Recorded information -

□ □ □ □ □ □ □

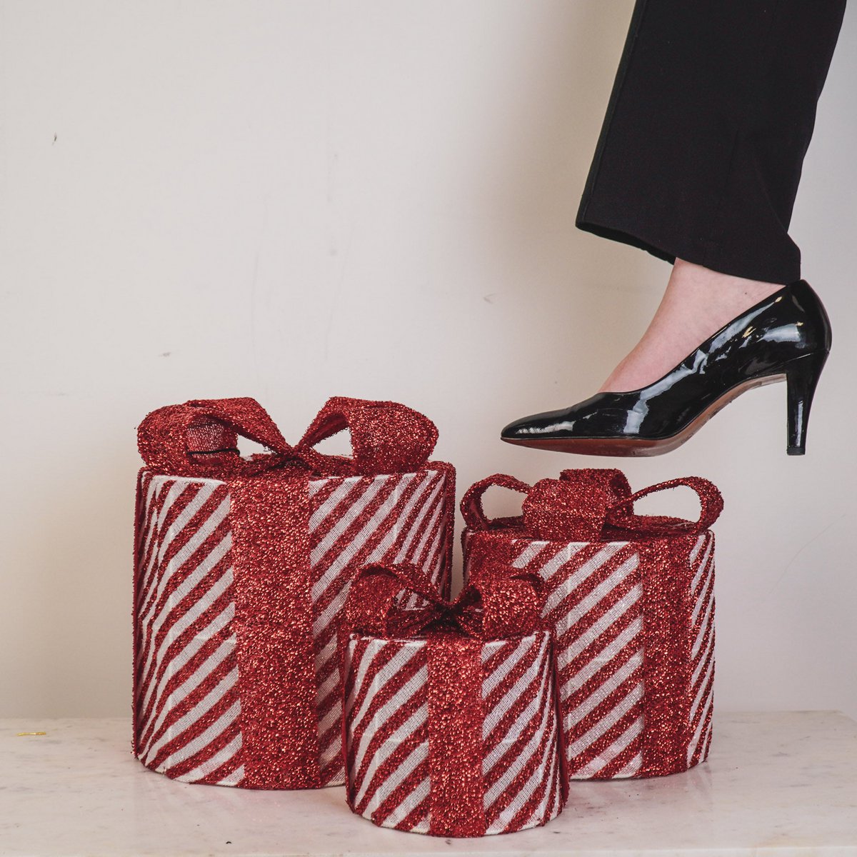LED-Weihnachtsgeschenke – 3er-Set / rund – Rot/Weiß – 15/20/25 cm
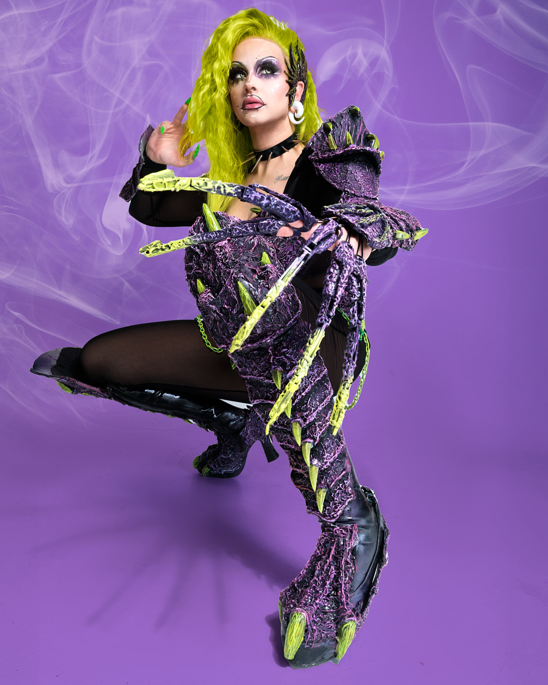 A much sought-after designer, Helena’s iconic designs are frequently seen on queens from various seasons of Canada’s Drag Race. As a performer, she channels her love for punk rock, frequently delivering electrifying covers of pop-punk hits, especially those by bands like First to Eleven and Halocene.
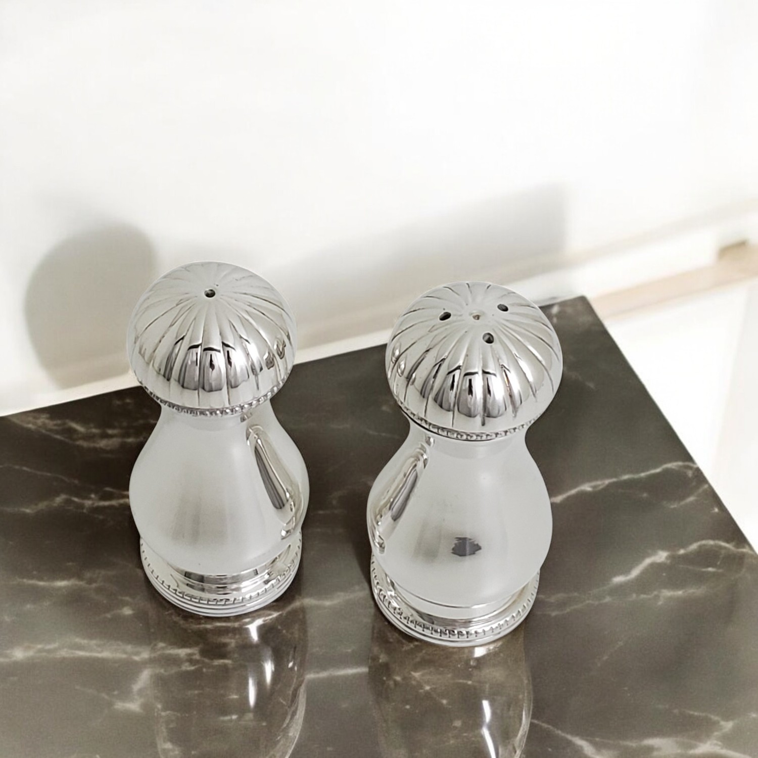 Heavy Quality Silver Plate Salt & Pepper Set 3.75"high. This exquisite salt and pepper set showcases a timeless design, made of heavy-quality silver plate for enduring elegance. Each piece features removable screw-on fluted tops with plastic inserts, providing a layer of hygiene and practicality. The set is beautifully presented in a fitted presentation box, making it a perfect gift or a sophisticated addition to your tableware collection.

□ □ □ □ □ □ □

Problem description - Repeat the lines from the line containing "A much sought-after" through the end of the material above exactly, with no pictures and nothing else.

Response area -
 A much sought-after designer, Helena’s iconic designs are frequently seen on queens from various seasons of Canada’s Drag Race. As a performer, she channels her love for punk rock, frequently delivering electrifying covers of pop-punk hits, especially those by bands like First to Eleven and Halocene.
 Heavy Quality Silver Plate Salt & Pepper Set 3.75"high. This exquisite salt and pepper set showcases a timeless design, made of heavy-quality silver plate for enduring elegance. Each piece features removable screw-on fluted tops with plastic inserts, providing a layer of hygiene and practicality. The set is beautifully presented in a fitted presentation box, making it a perfect gift or a sophisticated addition to your tableware collection.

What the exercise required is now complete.